Yatak odasına yaklaşırken sarı bir ışık hüzmesi ayaklarını aydınlattı. Üzerinden geçtiği her bir renk bileklerinden yumuşak dokunuşlarla göbeğine doğru süzülüyordu. Renk dalgaları suyun akışkanlığına benzeyen bir ritimde ilerliyordu. Kalp atışlarına eşlik eden akış sesinin geldiği yöne doğru yürümeye devam etti. Suların kıpırtısını hissettiği bir şelalenin henüz kaynağına gelmemişti. Karşısına çıkan aynada kendini gördü. Göğsündeki irkilmenin gözlerindeki ışığı parlattığını da. Bakışlarında bir ceylan masumluğu, kirpiklerinde ipek yumuşaklığı, dudaklarında açılmak üzere olan bir tomurcuğun diriliği vardı. Bacakları her adımında onu, kolayca içine bırakacağı bir yaşam denizine doğru götürüyordu. Yatağın üzerinde, beyaz dalgalar birbiri üzerinden atlayarak kıyıya sakin titreyişlerle uzanıyordu.

Kendini güven içinde bu dalgaların kollarına bıraktı. Perdeden içeriye sızan ışık hafifçe çekildi, gerisinde bıraktığı renkler ılık bir nefesin sesine dönüştü.
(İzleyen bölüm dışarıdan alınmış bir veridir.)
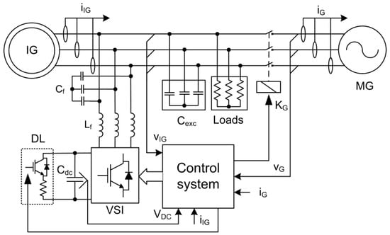 Regarding autonomous MGs interaction with the grid, the literature is comprehensive, a particular category being inertia-less MGs [18,19]. But in which concerns the case of autonomous IG systems the literature lacks studies regarding their synchronization with the grid and even less with an MG. For example, the authors of [20] investigate a wind-solar-diesel MG in which the IG is powered by a diesel engine (DE) and can operate in parallel with a permanent magnet brushless DC generator driven by a small wind turbine and a PV array, the control being performed by a VSC in combination with a battery storage system. The MG can be connected to the grid, thus enabling bidirectional power flow, but in this case, the IG-DE unit is disconnected; it only synchronizes with the MG when the latter operates in autonomous mode and the available renewable energy cannot sustain the local loads. Another similar approach is presented in [21], case in which a wind-driven IG, controlled by an active voltage and frequency regulator (actually a voltage source inverter (VSI) with a controllable resistor on the DC link), is investigated when being paralleled/disconnected with/from the power grid.

Suların içindeki pürüzsüz taşlara dokunduğunda parmak uçlarından içine akan tarifsiz huzuru hissetti. Temas ettiği her bir renk, her bir ışık, her bir su zerreciği ve her bir hücre onunla hareket ediyordu. Ağzından çıkan her bir ses onun küçük evreninde müthiş bir armoniyle uçuşarak dalgaların serin kollarına kavuşuyor, titreşimi artarak ona geri dönüyordu. Sesler, renkler büyük bir uyum içinde birbirine yansıyıp tepeden tırnağa akarak dalgaların koynunda içi içe geçiyordu.

Erkek arkadaşıyla denizin derin sularına açıldılar birlikte.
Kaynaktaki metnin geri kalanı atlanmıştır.